You might consider converting your data to a long format.
From tidyr::gather
Gather columns into key-value pairs.
Description
Gather takes multiple columns and collapses into key-value pairs, duplicating all other columns as needed. You use gather() when you notice that you have columns that are not variables.

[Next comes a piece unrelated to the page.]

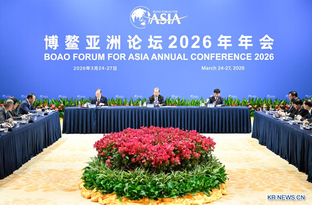 [신화망 중국 보아오 3월28일] 자오러지(趙樂際) 전국인민대표대회(전인대) 상무위원장이 26일 오후 하이난성 보아오에서 ‘2026보아오아시아포럼(BFA) 연차총회’에 참석한 국내외 기업인 대표들을 만나 좌담회를 진행했다.[촬영/신화통신 기자 선훙(申宏)]

Having samples as columns is the situation of "columns that are not variables". Fixing that so all columns are variables makes manipulating the data a lot easier.
Example
require('tibble')
require('tidyr')
# Data where columns are sample ids.
old_df <- tribble(
~parameter, ~sample_1, ~sample_2, ~sample_3,
"foo", 1, 0, 2,
"baz", 1, 2, 2,
"duq", 1, 0, 3,
"fiz", 1, 0, 0,
"buz", 10, 10, 1)
# Make long format data
new_df <- old_df %>% gather(key="id", value="value", -parameter)
new_df
# A tibble: 15 x 3
# parameter id value
# <chr> <chr> <dbl>
# 1 foo sample_1 1
# 2 baz sample_1 1
# 3 duq sample_1 1
# 4 fiz sample_1 1
# 5 buz sample_1 10
# 6 foo sample_2 0
# 7 baz sample_2 2
# 8 duq sample_2 0
# 9 fiz sample_2 0
#10 buz sample_2 10
#11 foo sample_3 2
#12 baz sample_3 2
#13 duq sample_3 3
#14 fiz sample_3 0
#15 buz sample_3 1
Now you can summarize and filter very easily as all of your columns are variables. In this case, it allows us to group by the sample id. That allows us to summarize data with respect to the sample id and to ask questions with regards to the sample id. E.g. "Which sample ids have more than 4 values greater than zero?"
new_df %>%
group_by(id) %>%
summarize(num_pos_values=sum(value > 0)) %>%
filter(num_pos_values > 4)
# A tibble: 1 x 2
# id num_pos_values
# <chr> <int>
# 1 sample_1 5